Pesantren dan Tuntutan Perubahan Zaman

Ketika menginjak abad ke-20, yang sering disebut sebagai jaman modernisme dan nasionalisme, peranan pesantren mulai mengalami pergeseran secara signifikan. Sebagian pengamat mengatakan bahwa semakin mundurnya peran pesantren di masyarakat disebabkan adanya dan begitu besarnya faktor politik Hindia Belanda. (Aqib Suminto; 1985). Sehingga, fungsi dan peran pesantren menjadi bergeser dari sebelumnya. Tapi, penjelasan di
atas kiranya cukup untuk menyatakan bahwa pra abad ke-20 atau sebelum datangnya modernisme dan nasionalisme, pesantren merupakan lembaga pendidikan yang tak tergantikan oleh lembaga pendidikan manapun. Dan, hal itu sampai sekarang masih tetap dipertahankan.

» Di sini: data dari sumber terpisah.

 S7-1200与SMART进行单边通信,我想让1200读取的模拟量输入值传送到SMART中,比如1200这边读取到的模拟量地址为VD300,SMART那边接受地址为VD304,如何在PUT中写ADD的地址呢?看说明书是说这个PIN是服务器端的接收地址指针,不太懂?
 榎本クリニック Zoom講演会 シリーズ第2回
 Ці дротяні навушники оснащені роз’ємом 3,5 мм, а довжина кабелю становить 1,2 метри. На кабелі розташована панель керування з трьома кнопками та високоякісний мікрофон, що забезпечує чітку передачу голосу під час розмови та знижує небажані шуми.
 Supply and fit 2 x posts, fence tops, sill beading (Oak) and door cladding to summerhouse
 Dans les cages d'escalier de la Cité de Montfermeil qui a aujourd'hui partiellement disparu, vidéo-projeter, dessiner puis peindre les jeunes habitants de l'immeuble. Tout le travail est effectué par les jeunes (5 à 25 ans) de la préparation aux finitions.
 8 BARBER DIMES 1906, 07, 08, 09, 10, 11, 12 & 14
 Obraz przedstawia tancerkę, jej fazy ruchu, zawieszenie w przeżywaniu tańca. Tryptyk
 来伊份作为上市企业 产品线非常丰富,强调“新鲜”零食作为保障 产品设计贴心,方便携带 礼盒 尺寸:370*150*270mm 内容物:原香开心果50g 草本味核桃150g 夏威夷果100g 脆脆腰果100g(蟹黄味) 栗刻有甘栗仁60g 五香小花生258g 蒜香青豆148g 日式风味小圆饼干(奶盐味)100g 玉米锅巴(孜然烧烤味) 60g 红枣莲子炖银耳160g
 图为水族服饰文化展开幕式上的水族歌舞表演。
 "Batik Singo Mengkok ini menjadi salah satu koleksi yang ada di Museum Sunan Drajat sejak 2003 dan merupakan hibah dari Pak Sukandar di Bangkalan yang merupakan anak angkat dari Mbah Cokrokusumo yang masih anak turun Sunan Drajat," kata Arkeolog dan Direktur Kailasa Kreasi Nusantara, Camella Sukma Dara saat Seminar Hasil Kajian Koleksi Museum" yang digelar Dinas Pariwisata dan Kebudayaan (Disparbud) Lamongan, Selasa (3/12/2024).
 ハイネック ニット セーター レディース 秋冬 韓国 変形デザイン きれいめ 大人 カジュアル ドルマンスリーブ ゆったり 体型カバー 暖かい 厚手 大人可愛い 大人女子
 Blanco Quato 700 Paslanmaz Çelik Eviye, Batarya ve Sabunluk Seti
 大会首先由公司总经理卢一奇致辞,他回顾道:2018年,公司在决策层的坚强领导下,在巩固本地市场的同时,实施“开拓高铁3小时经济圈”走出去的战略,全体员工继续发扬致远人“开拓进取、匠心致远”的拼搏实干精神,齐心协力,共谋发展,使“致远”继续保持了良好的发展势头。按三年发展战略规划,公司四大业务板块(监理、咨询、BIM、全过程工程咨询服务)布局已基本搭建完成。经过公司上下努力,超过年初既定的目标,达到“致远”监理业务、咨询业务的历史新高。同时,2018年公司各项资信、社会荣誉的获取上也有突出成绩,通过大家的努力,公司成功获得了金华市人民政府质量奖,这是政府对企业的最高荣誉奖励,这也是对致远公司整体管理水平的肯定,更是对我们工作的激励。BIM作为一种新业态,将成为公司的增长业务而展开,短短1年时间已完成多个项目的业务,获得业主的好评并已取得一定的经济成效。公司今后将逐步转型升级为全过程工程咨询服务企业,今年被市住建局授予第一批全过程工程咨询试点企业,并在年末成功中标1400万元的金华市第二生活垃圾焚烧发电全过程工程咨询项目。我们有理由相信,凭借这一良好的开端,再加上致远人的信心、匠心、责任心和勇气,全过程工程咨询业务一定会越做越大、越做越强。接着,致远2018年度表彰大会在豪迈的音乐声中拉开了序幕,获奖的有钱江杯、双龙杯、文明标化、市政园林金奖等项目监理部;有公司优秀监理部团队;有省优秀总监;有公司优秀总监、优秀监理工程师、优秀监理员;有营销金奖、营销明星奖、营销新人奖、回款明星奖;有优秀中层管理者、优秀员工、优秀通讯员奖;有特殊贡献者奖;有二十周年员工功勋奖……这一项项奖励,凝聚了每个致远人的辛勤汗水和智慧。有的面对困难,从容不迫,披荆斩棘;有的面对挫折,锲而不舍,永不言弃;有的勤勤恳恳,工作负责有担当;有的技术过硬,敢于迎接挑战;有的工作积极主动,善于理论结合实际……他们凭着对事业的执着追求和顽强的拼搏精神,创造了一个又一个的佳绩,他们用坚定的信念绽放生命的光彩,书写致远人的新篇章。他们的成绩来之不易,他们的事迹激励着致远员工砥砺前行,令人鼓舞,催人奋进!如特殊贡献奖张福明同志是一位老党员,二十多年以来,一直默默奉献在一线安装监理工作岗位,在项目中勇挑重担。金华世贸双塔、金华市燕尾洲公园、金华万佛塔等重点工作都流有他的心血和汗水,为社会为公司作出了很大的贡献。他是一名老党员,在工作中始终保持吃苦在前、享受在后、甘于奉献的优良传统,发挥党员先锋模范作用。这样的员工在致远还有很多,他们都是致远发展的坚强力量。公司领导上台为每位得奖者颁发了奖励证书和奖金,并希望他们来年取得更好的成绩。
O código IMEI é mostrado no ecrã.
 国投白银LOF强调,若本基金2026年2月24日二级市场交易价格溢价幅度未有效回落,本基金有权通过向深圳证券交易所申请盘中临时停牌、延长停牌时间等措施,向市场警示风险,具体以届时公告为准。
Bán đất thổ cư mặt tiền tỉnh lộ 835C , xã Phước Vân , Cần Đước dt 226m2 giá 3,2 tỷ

Yang menarik di sini adalah bahwa pendidikan pesantren di Indonesia pada saat itu sama sekali belum testandardisasi secara kurikulum dan tidak terorganisir sebagai satu jaringan pesantren Indonesia yang sistemik. Ini berarti bahwa setiap pesantren mempunyai kemandirian sendiri untuk menerapkan kurikulum dan mata pelajaran yang sesuai dengan aliran agama Islam yang mereka ikuti. Sehingga, ada pesantren yang menerapkan kurikulum Depdiknas (Departemen Pendidikan Nasional) dengan menerapkan juga kurikulum agama. Kemudian, ada pesantren yang hanya ingin memfokuskan pada kurikulum ilmu agama Islam saja. Yang berarti bahwa tingkat keanekaragaman model pesantren di Indonesia tidak terbatasi.